Il 1° discorso di Gabrielli

Un discorso nel quale il prefetto Gabrielli ha ringraziato le persone che lo hanno aiutato nel suo percorso professionale: “Un grazie commosso ai miei Maestri, che non necessariamente sono stati i miei Superiori, soprattutto a quelli che oggi non sono più tra noi” ha ricordato il capo della Polizia. Il nuovo direttore generale della Pubblica Sicurezza si è soffermato sulle sfide del suo nuovo incarico ricordando che “la Polizia di Stato, al pari di tutta la Pubblica Amministrazione, sta per vivere una stagione di profonde trasformazioni e credo che il modo più corretto per affrontarle vada ricercato in un coraggioso processo di innovazione.
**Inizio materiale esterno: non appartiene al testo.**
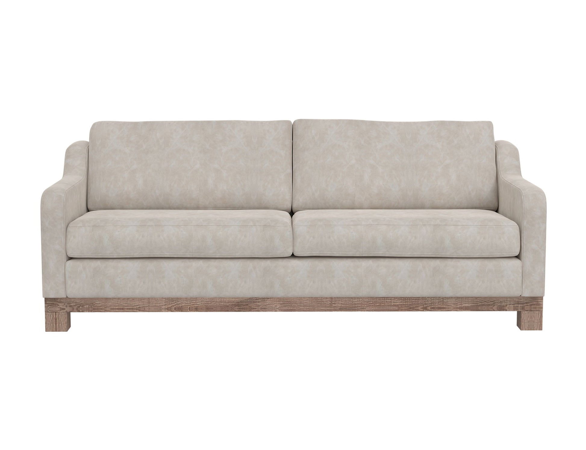 Wooden Frame & Base, Two-Cushion Sofa. With its chunky, wide silhouette, the Samba collection infuses your living room with a touch of traditional charm. Supported by a sturdy frame crafted from solid pine wood, it rests gracefully on low-profile block feet with a rich hue.

Innovazione – ha continuato Gabrielli – intesa non come un’operazione di facciata, tanto appariscente quanto effimera, bensì come un percorso profondo e meditato di cambiamento che per incidere realmente deve trovare il convinto consenso e coinvolgimento di chi di quel cambiamento dovrà essere protagonista“.

In ricordo di Antonio Manganelli

Nella cerimonia del suo insediamento ufficiale Gabrielli ha rivolto un ringraziamento in particolare ad Antonio Manganelli, l’ ex capo della Polizia scomparso nel 2013 per un male incurabile “Indimenticabile fraterno amico, che per oltre 20 anni mi ha apprezzato, valorizzato e sempre tutelato nei momenti difficili”. Quindi il messaggio alle altre forze di polizia, “Le diverse giubbe – ha detto il nuovo “Capo” della Polizia – nel discorso pronunciato presso la Scuola Superiore di Polizia di via Guido Reni a Roma, alla presenza del Ministro dell’Interno Angelino Alfano – devono essere un arricchimento e non un motivo di contrapposizione”.

Gabrielli si è  quindi rivolto allo stesso ministro Alfano sottolineando come sia necessario un “percorso di profondo cambiamento” all’interno della Polizia di Stato. E agli agenti e ai funzionari di Polizia la promessa “spenderò ogni istante del mio mandato per rappresentarli adeguatamente stando davanti a loro in tutte le battaglie per riaffermare la loro dignità“.

Signore dammi la forza di cambiare le cose che possono essere cambiate – ha concluso  Gabrielli nel suo discorso di insediamento, ricordando una citazione di San Tommaso Moro martire – la pazienza per sopportare quelle che non possono essere cambiate ma soprattutto l’intelligenza di sapere riconoscere e distinguere le une dalle altre». Parole queste che non sono soltanto una citazione letteraria, ma contengono un  programma ben preciso per il suo mandato alla guida della Polizia di Stato, che, salvo fatti nuovi, si profila di lunga durata.

Al Prefetto Gabrielli, i più sinceri complimenti ed auguri di buon lavoro, dalla Direzione, redazione, collaboratori e lettori del Corriere del Giorno.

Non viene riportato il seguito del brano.